Remark: if the final statement will output something, it will be the output of the function. You can also use return() as above. That is, pooled_sd and pooled_sd2 are exactly the same.

pooled_sd2 <- function(x, y) {
  n <- length(x)
  m <- length(y)
  sqrt(((n - 1) * var(x) + (m - 1) * var(y)) / (m + n - 2))
}

You can return more than one value in a function

my_var_sd <- function(x) {
  mean_x <- mean(x)
  n <- length(x)
  my_var <- sum((x - mean_x)^2) / (n - 1)
  return(c(my_var, sqrt(my_var)))
}

You may also return a list

my_var_sd <- function(x) {
  mean_x <- mean(x)
  n <- length(x)
  my_var <- sum((x - mean_x)^2) / (n - 1)
  output <- list(var = my_var, sd = sqrt(my_var))
  return(output)
}

Example: write a function called my_summary that will output a list with elements being equal to the mean, sd, median, min and max of a given vector.

my_summary <- function(x) {
  output <- list(mean = mean(x), sd = sd(x), median = median(x), 
                 min = min(x), max = max(x))
  return(output)  
}

my_summary(1:10)
## $mean
## [1] 5.5
## 
## $sd
## [1] 3.02765
## 
## $median
## [1] 5.5
## 
## $min
## [1] 1
## 
## $max
## [1] 10

Define a function with default value

my_power <- function(x, p = 2) {
 return(x^p)
}

my_power(3) # by default, p = 2, will compute 3^2
## [1] 9

my_power(3, 3) # will compute 3^3
## [1] 27

Examples with matrix input

Write a function called matrix_times_vector to compute \(X Y\), where \(X\) is a matrix and \(Y\) is a vector. The output should be a vector.

matrix_times_vector = function(X, Y) {
  as.vector(X %*% Y)
}

# e.g.
X <- matrix(1:12, 3, 4)
Y <- 1:4
X
##      [,1] [,2] [,3] [,4]
## [1,]    1    4    7   10
## [2,]    2    5    8   11
## [3,]    3    6    9   12
Y
## [1] 1 2 3 4
matrix_times_vector(X, Y)
## [1] 70 80 90

Note:

  1. X %*% Y will return a matrix. We can use as.vector to change it into a vector.
  2. It is common to see the error non-conformable arguments.
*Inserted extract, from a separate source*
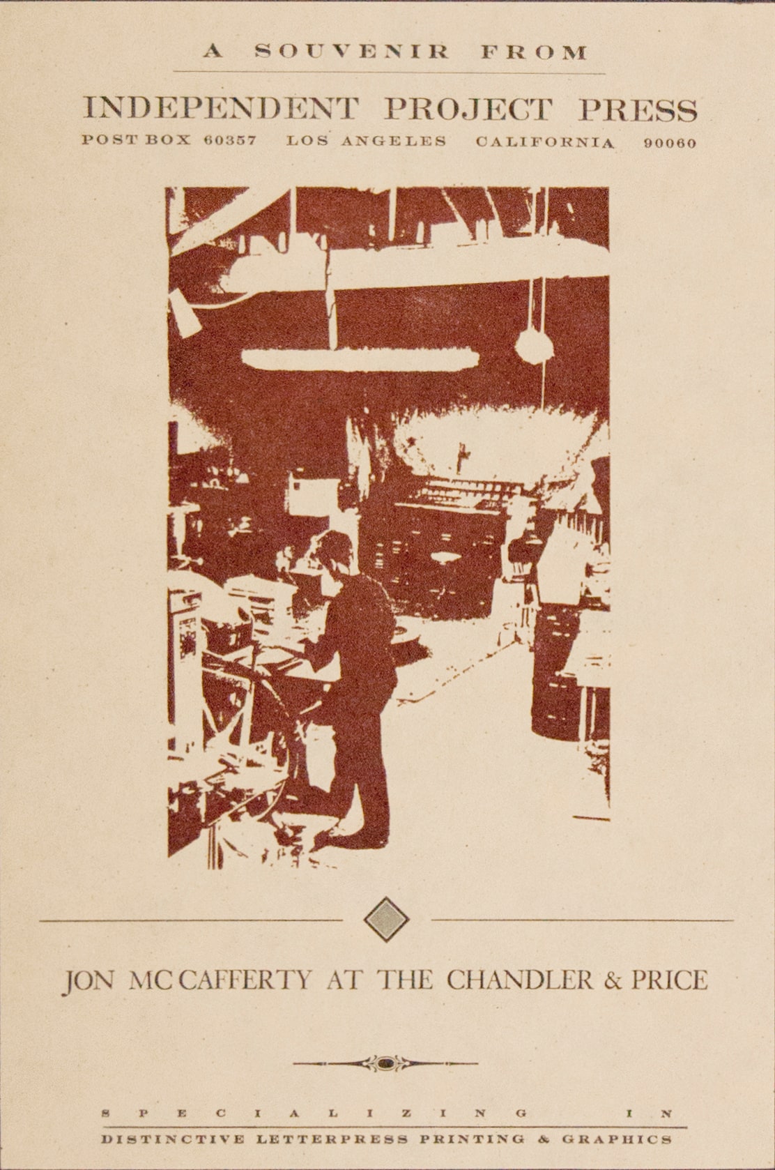 Promotional card. Two-toned reproduction of a photo of a man working a printing press. Above the image text reads: :A Souvenir from Independent Project Press followed by the business's address. Below the image is a diamond graphic followed by the photo's caption and description of IPP's services. All text is black and graphic is rusty red on pale yellow background. Verso is blank and the natural brown of the paper.

This is because the dimensions of your matrices/vectors do not match.
  • If you have a \(n\times p\) matrix \(A\) and \(m \times q\) matrix \(B\), you can do the matrix multiplication \(AB\) only if \(p = m\). In R, if this is not the case, there will be an error.
  • Similarly, if you have a vector \(d\) of length \(m\). You can do the matrix multiplication \(A d\) only if \(p = m\).

Write a function called matrix_times_vector2 to compute \(X Y\), where \(X\) is a matrix and \(Y\) is a vector. The output should be a vector. However, you should check if the dimensions of the inputs are appropriate before you perform the calculation. Display an error message The dimensions do not match if this is not the case.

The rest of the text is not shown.